Metric Fluctuation Corrections to Hawking Radiation

TL;DR

This paper investigates how classical black hole geometry fluctuations influence Hawking radiation, revealing modifications in energy flux and spectrum that suggest quantum effects could alter black hole radiation properties.

Contribution

It introduces a model for black hole fluctuations affecting Hawking radiation, providing analytical corrections to flux and spectrum without full quantum treatment.

Findings

Energy flux fluctuates with amplitude and frequency of metric fluctuations.

Average energy flux is increased by two positive contributions, including a surface gravity renormalization.

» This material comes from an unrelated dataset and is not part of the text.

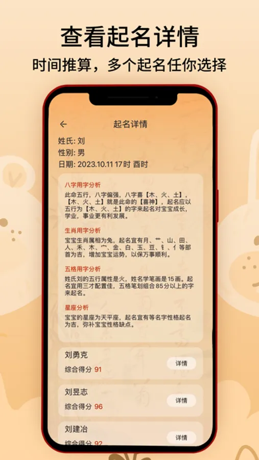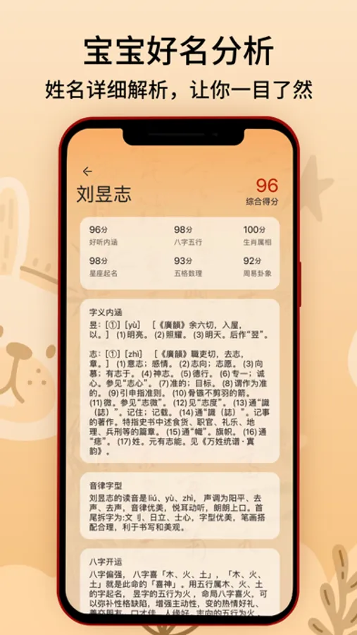 “诗经取名”遵循传统周易五行理论,精心筛选名字组合,海量名字供您取名参考。名字兼顾音、形、意以及文化印象,并提供专业的五行命理分析。独有的四维评分系统,让名字评分更加客观、全面。

Asymptotic spectrum gains thermal terms with a frequency-dependent chemical potential.

Abstract

We study how fluctuations of the black hole geometry affect the properties of Hawking radiation. Even though we treat the fluctuations classically, we believe that the results so obtained indicate what might be the effects induced by quantum fluctuations in a self consistent treatment. To characterize the fluctuations, we use the model introduced by York in which they are described by an advanced Vaidya metric with a fluctuating mass. Under the assumption of spherical symmetry, we solve the equation of null outgoing rays. Then, by neglecting the greybody factor, we calculate the late time corrections to the s-wave contributions of the energy flux and the asymptotic spectrum. We find three kind of modifications. Firstly, the energy flux fluctuates around its average value with amplitudes and frequencies determined by those of the metric fluctuations. Secondly, this average value receives two positive contributions one of which can be reinterpreted as due to the `renormalisation' of the surface gravity induced by the metric fluctuations. Finally, the asymptotic spectrum is modified by the addition of terms containing thermal factors in which the frequency of the metric fluctuations acts as a chemical potential.